Task goal
Reproduce, exactly and in full, the records that follow, minus any pictures.

Data shown
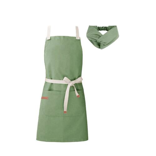Avental e Faixa Verde Cha Mate Algodao Cafeteria Bar Vegano
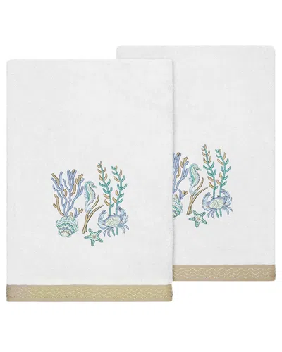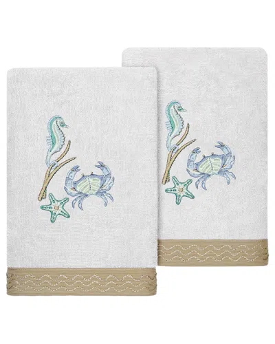 Maggie 2pc Embellished Turkish Cotton Bath Towel Set In White
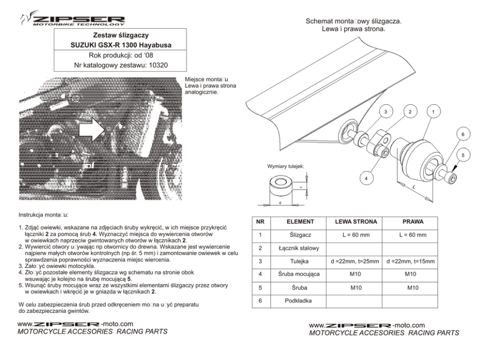 Schemat montażowy ślizgacza. Lewa i prawa strona. Zestaw ślizgaczy SUZUKI GSX-R 1300 Hayabusa Rok produkcji: od ‘08 Nr katalogowy zestawu: 10320 Miejsce montażu Lewa i prawa strona analogicznie. 3 2 1 6 5 Wymiary tulejek: 4 t L d Instrukcja montażu: 1. Zdjąć owiewki, wskazane na zdjęciach śruby wykręcić, w ich miejsce przykręcić łączniki 2 za pomocą śrub 4. Wyznaczyć miejsca do wywiercenia otworów w owiewkach naprzeciw gwintowanych otworów w łącznikach 2. 2. Wywiercić otwory używając np otwornicy do drewna. Wskazane jest wywiercenie najpierw małych otworów kontrolnych (np śr. 5 mm) i zamontowanie owiewek w celu sprawdzenia poprawności wyznaczenia miejsc wiercenia. 3. Założyć owiewki motocykla. 4. Złożyć pozostałe elementy ślizgacza wg schematu na stronie obok wsuwając je kolejno na śrubę mocującą 5. 5. Wsunąć śruby mocujące wraz ze wszystkimi elementami ślizgaczy przez otwory w owiewkach i wkręcić je w gniazda w łącznikach 2. W celu zabezpieczenia śrub przed odkręceniem można użyć preparatu do zabezpieczania gwintów. NR ELEMENT LEWA STRONA PRAWA 1 Ślizgacz L = 60 mm L = 60 mm 2 Łącznik stalowy 3 Tulejka d =22mm, t=25mm d =22mm, t=15mm 4 Śruba mocująca M10 M10 5 Śruba M10 6 Podkładka M10
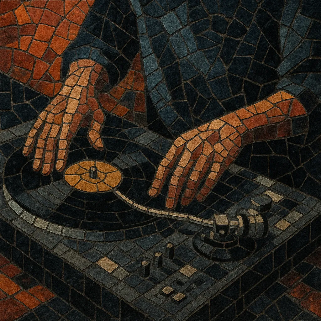 Artists manipulate records, cartridges, and the mechanics of the deck to create textures, rhythms, drones, and collages. Techniques include live mixing of disparate records, exploiting locked grooves, variable-speed playback, back-cueing, needle drops, surface-noise extraction, and "prepared" turntables using objects (tape, paper, coins, rubber bands) placed on records or the platter. While it overlaps with hip‑hop DJ techniques, turntable music is typically less beat‑matching oriented and more focused on sound exploration, improvisation, and composition in the spirit of avant‑garde, sound art, and musique concrète.
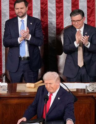 ▲ En su informe sobre el estado de la Unión, el más largo en la historia de Estados Unidos y a contracorriente de lo que piensa la mayor parte de la población, el magnate se ufanó de haber logrado lo imposible y de que su país se encuentra en su edad de oro con una economía en auge, una frontera más fuerte y segura y hasta se dio el crédito por la eliminación de El Mencho. En respuesta al discurso, el senador demócrata Alex Padilla llamó a alzar la voz ante las mentiras del mandatario. Foto Ap / David Brooks y Jim Cason, corresponsales
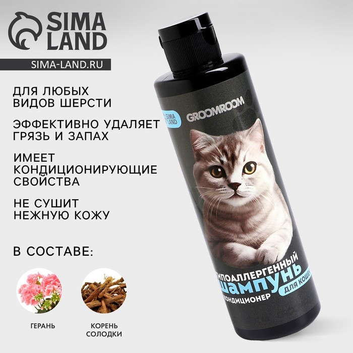 The shampoo is designed for animals with any type of wool. Specially designed hypoallergenic shampoo carefully cleanses the pollution and unpleasant odors, deeply moisturizes the skin and nourishes the wool.

Answer area
Avental e Faixa Verde Cha Mate Algodao Cafeteria Bar Vegano
 Maggie 2pc Embellished Turkish Cotton Bath Towel Set In White
 Schemat montażowy ślizgacza. Lewa i prawa strona. Zestaw ślizgaczy SUZUKI GSX-R 1300 Hayabusa Rok produkcji: od ‘08 Nr katalogowy zestawu: 10320 Miejsce montażu Lewa i prawa strona analogicznie. 3 2 1 6 5 Wymiary tulejek: 4 t L d Instrukcja montażu: 1. Zdjąć owiewki, wskazane na zdjęciach śruby wykręcić, w ich miejsce przykręcić łączniki 2 za pomocą śrub 4. Wyznaczyć miejsca do wywiercenia otworów w owiewkach naprzeciw gwintowanych otworów w łącznikach 2. 2. Wywiercić otwory używając np otwornicy do drewna. Wskazane jest wywiercenie najpierw małych otworów kontrolnych (np śr. 5 mm) i zamontowanie owiewek w celu sprawdzenia poprawności wyznaczenia miejsc wiercenia. 3. Założyć owiewki motocykla. 4. Złożyć pozostałe elementy ślizgacza wg schematu na stronie obok wsuwając je kolejno na śrubę mocującą 5. 5. Wsunąć śruby mocujące wraz ze wszystkimi elementami ślizgaczy przez otwory w owiewkach i wkręcić je w gniazda w łącznikach 2. W celu zabezpieczenia śrub przed odkręceniem można użyć preparatu do zabezpieczania gwintów. NR ELEMENT LEWA STRONA PRAWA 1 Ślizgacz L = 60 mm L = 60 mm 2 Łącznik stalowy 3 Tulejka d =22mm, t=25mm d =22mm, t=15mm 4 Śruba mocująca M10 M10 5 Śruba M10 6 Podkładka M10
 Artists manipulate records, cartridges, and the mechanics of the deck to create textures, rhythms, drones, and collages. Techniques include live mixing of disparate records, exploiting locked grooves, variable-speed playback, back-cueing, needle drops, surface-noise extraction, and "prepared" turntables using objects (tape, paper, coins, rubber bands) placed on records or the platter. While it overlaps with hip‑hop DJ techniques, turntable music is typically less beat‑matching oriented and more focused on sound exploration, improvisation, and composition in the spirit of avant‑garde, sound art, and musique concrète.
 ▲ En su informe sobre el estado de la Unión, el más largo en la historia de Estados Unidos y a contracorriente de lo que piensa la mayor parte de la población, el magnate se ufanó de haber logrado lo imposible y de que su país se encuentra en su edad de oro con una economía en auge, una frontera más fuerte y segura y hasta se dio el crédito por la eliminación de El Mencho. En respuesta al discurso, el senador demócrata Alex Padilla llamó a alzar la voz ante las mentiras del mandatario. Foto Ap / David Brooks y Jim Cason, corresponsales
 The shampoo is designed for animals with any type of wool. Specially designed hypoallergenic shampoo carefully cleanses the pollution and unpleasant odors, deeply moisturizes the skin and nourishes the wool.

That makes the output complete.